**ACTION ITEM**
When you transcribe the lines below, keep every word the same and leave the pictures behind.

======== DATASET SECTION ========

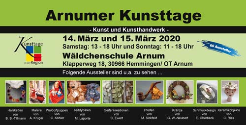 Seit mehr als 42 Jahren finden die „Arnumer Kunsttage“ bereits statt. Zahlreiche langjährige und neue Künstlerinnen und Künstler zeigen am 31. Oktober und 1. November ihre Arbeiten in der schönen Wäldchenschule in Arnum bei Hemmingen. Dieser kleine aber feine Markt überrascht die Besucher immer wieder mit kunsthandwerklichen Produkten, die den Alltag vergessen lassen. Die Besucher werden dabei wieder auf eine interessante und abwechslungsreiche Entdeckungsreise eingeladen, nicht nur um Endprodukte zu begutachten sondern auch um ihre Entstehung bei vorführenden Künstlern zu beobachten. Ob elegant oder extravagant, schlicht oder aufwendig, modern oder klassisch, kleine Schätze für jegliche Geschmacksrichtungen dürften dort wieder zu finden sein.
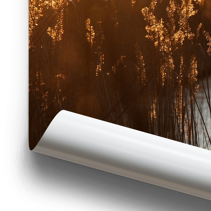 Net voordat het te donker zou worden om nog verder te lopen, zag een warme gouden gloed gecreëerd door de ondergaande zon die door het riet scheen.
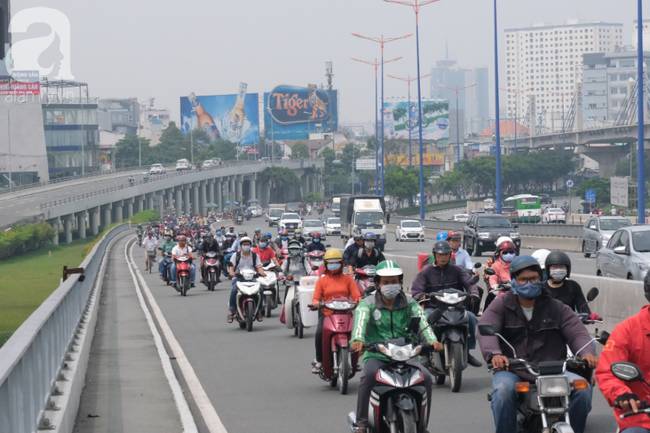 Dù đã gần trưa nhưng nhiều khu vực tại TP.HCM vẫn trong tình trạng sương mù dày đặc, kèm theo đó là bụi bẩn khiến người dân phải bịt kín mít khi ra đường, lo sợ ảnh hưởng đến sức khỏe.

========

**YOUR SOLUTION**
 Seit mehr als 42 Jahren finden die „Arnumer Kunsttage“ bereits statt. Zahlreiche langjährige und neue Künstlerinnen und Künstler zeigen am 31. Oktober und 1. November ihre Arbeiten in der schönen Wäldchenschule in Arnum bei Hemmingen. Dieser kleine aber feine Markt überrascht die Besucher immer wieder mit kunsthandwerklichen Produkten, die den Alltag vergessen lassen. Die Besucher werden dabei wieder auf eine interessante und abwechslungsreiche Entdeckungsreise eingeladen, nicht nur um Endprodukte zu begutachten sondern auch um ihre Entstehung bei vorführenden Künstlern zu beobachten. Ob elegant oder extravagant, schlicht oder aufwendig, modern oder klassisch, kleine Schätze für jegliche Geschmacksrichtungen dürften dort wieder zu finden sein.
 Net voordat het te donker zou worden om nog verder te lopen, zag een warme gouden gloed gecreëerd door de ondergaande zon die door het riet scheen.
 Dù đã gần trưa nhưng nhiều khu vực tại TP.HCM vẫn trong tình trạng sương mù dày đặc, kèm theo đó là bụi bẩn khiến người dân phải bịt kín mít khi ra đường, lo sợ ảnh hưởng đến sức khỏe.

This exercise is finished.